Image-enhanced endoscopies
Although white light imaging continues to serve as the backbone of diagnostic endoscopy, its ability to detect subtle mucosal changes remains limited. To address these shortcomings, image-enhanced endoscopy (IEE) has emerged as a transformative tool in gastrointestinal imaging. IEE techniques leverage a range of innovations from dye-based chromoendoscopy to digital image processing and customized light source modulation to sharpen visualization of mucosal and vascular architecture[143]. A notable leap forward in this domain is the introduction of the EVIS X1 platform by Olympus, which debuted in Europe and Japan in 2020. This system incorporates novel technologies such as texture and color enhancement imaging and red dichromatic imaging. The former improves the contrast of minute structural and color differences, aiding in early lesion detection, while the latter is designed to better visualize deep blood vessels and pinpoint bleeding sites.

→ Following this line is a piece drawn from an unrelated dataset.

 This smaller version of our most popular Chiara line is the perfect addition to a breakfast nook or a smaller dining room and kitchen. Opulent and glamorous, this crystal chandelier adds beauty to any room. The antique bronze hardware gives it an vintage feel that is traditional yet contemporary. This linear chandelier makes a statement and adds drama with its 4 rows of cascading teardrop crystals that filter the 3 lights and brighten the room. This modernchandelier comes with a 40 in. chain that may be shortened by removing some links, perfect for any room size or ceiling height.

When paired with real-time AI systems, these enhancements offer the potential to dramatically improve diagnostic accuracy and support earlier, more confident clinical decisions[143]. As technology evolves, the synergy between human expertise and machine precision is poised to redefine the future of endoscopic diagnostics.

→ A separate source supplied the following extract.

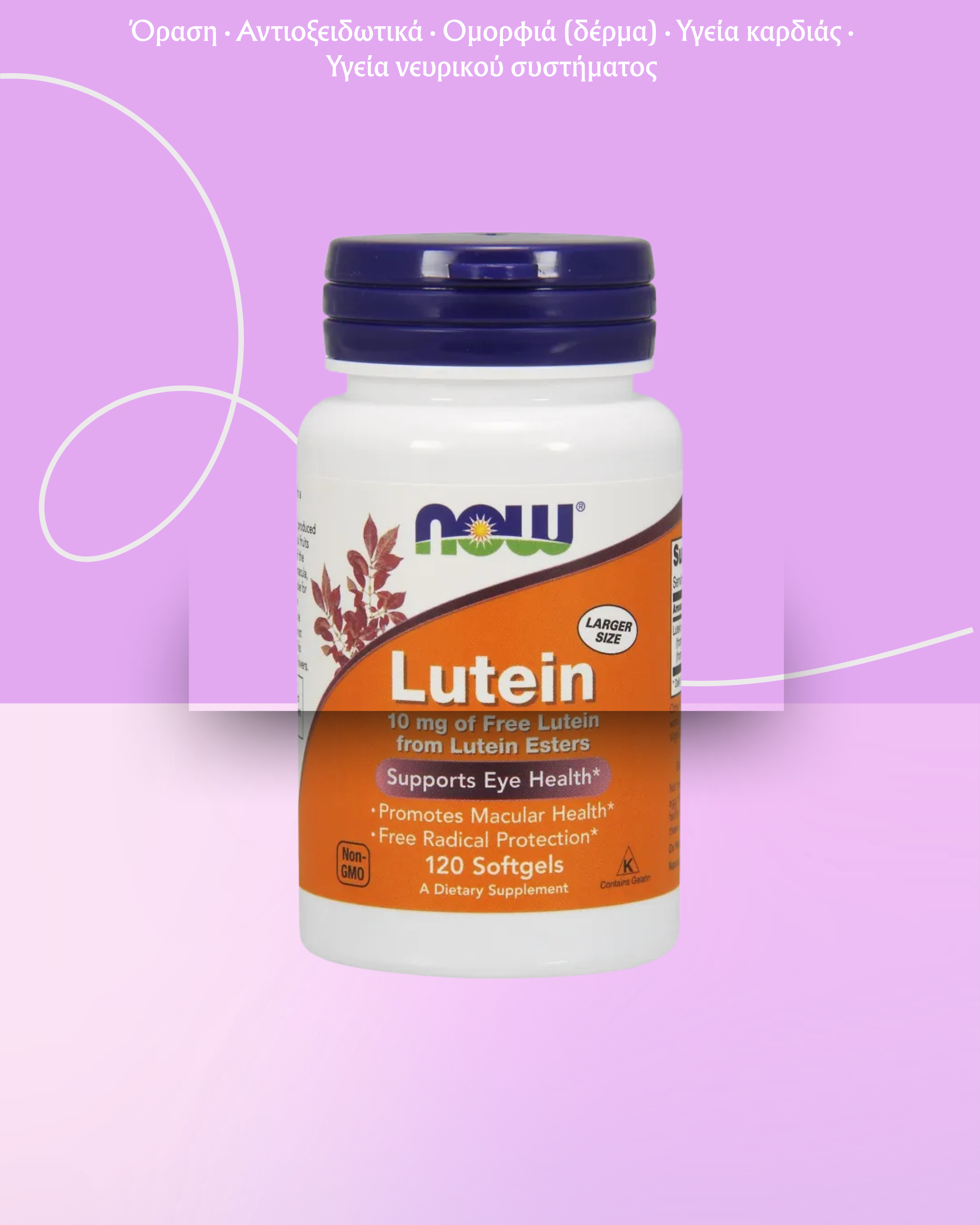 Η NOW Lutein 10 mg είναι ένα συμπλήρωμα διατροφής που περιέχει λουτεΐνη – ένα φυσικό πορτοκαλοκόκκινο καροτενοειδές που προέρχεται από τα άνθη κατιφέ (Tagetes erecta). Η λουτεΐνη είναι μία από τις κυρίαρχες χρωστικές της ωχράς κηλίδας – της περιοχής του ματιού που είναι υπεύθυνη για την κεντρική όραση. Έχει προστατευτικό ρόλο, εξουδετερώνοντας τις ελεύθερες ρίζες που δημιουργούνται, μεταξύ άλλων, από την ηλιακή ακτινοβολία. Εντοπίζεται επίσης στο δέρμα, όπου συμβάλλει στη φυσική αντιοξειδωτική άμυνα.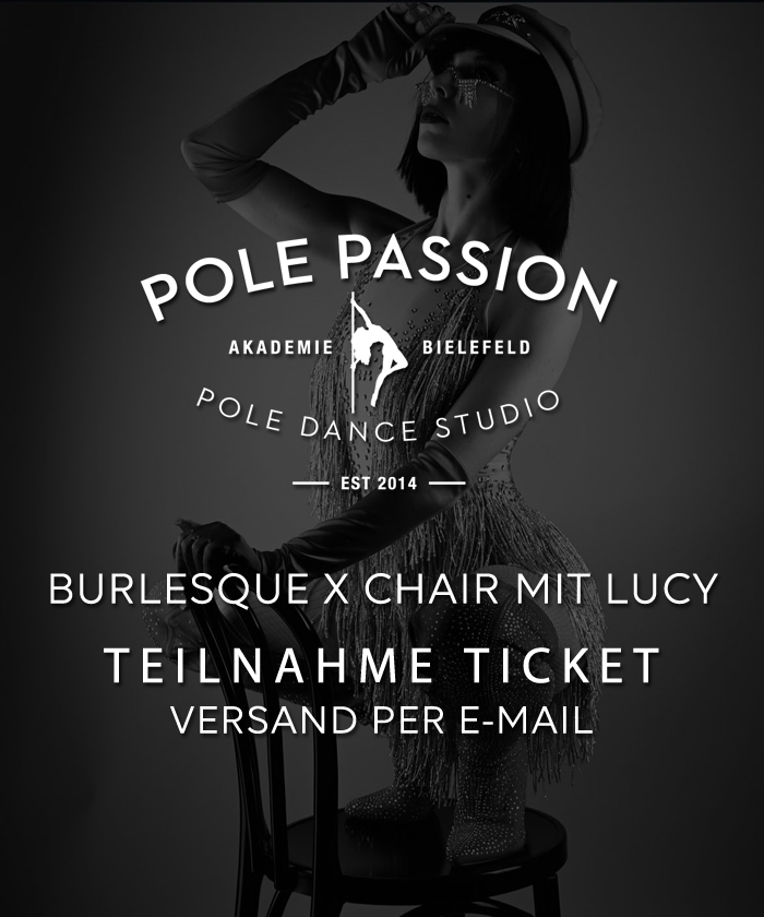 Beschreibung: Eine sensual chair dance Choreografie zu authentischer Burlesque Musik und sich dabei fühlen wie im Film? Das ist Burlesque x Chair. Wir erlernen eine all Level Chair dance Choreografie, in der wir tänzerisch und kreativ den Stuhl in unsere Burlesque Performance integrieren und verführerisch Handschuhe ausziehen. Alle Arten von Heels sind erlaubt, aber kein Muss. Requisiten stelle ich.

Digital single-operator cholangioscopy and image-enhanced cholangioscopy
The introduction of digital single-operator cholangioscopy (D-SOC) is a significant advancement in biliary endoscopy, offering high-resolution imaging, simplified setup, and reduced logistical challenges that have expanded its diagnostic and therapeutic indications[144]. D-SOC is now used for evaluating indeterminate biliary strictures, enabling direct visualization and targeted tissue acquisition. It is particularly valuable for mapping the longitudinal extent of CCA, which ERCP may miss. In a recent study, D-SOC detected proximal and distal tumor spread undetected by ERCP in 20.0% and 11.6% of cases, respectively[144,145]. In addition, D-SOC facilitates the management of difficult CBD stones through intraductal electrohydraulic or laser lithotripsy, expanding the success rate beyond what is achievable with standard ERCP techniques such as sphincterotomy, sphincteroplasty, and basket or balloon extraction, which alone are effective in approximately 85% of cases[146]. Recent advances in image-enhancement technologies such as narrow band imaging (NBI) and i-scan have further refined the diagnostic yield of cholangioscopy. These modalities enhance mucosal and vascular patterns, aiding in the differentiation between benign and malignant intraductal lesions[147]. When applied during cholangioscopy, NBI provides superior contrast imaging that facilitates the endoscopic classification of intraductal lesions into papillary, polypoid, flat-elevated, granular, villous, or inflammatory types, surpassing the capabilities of conventional white-light imaging[148,149].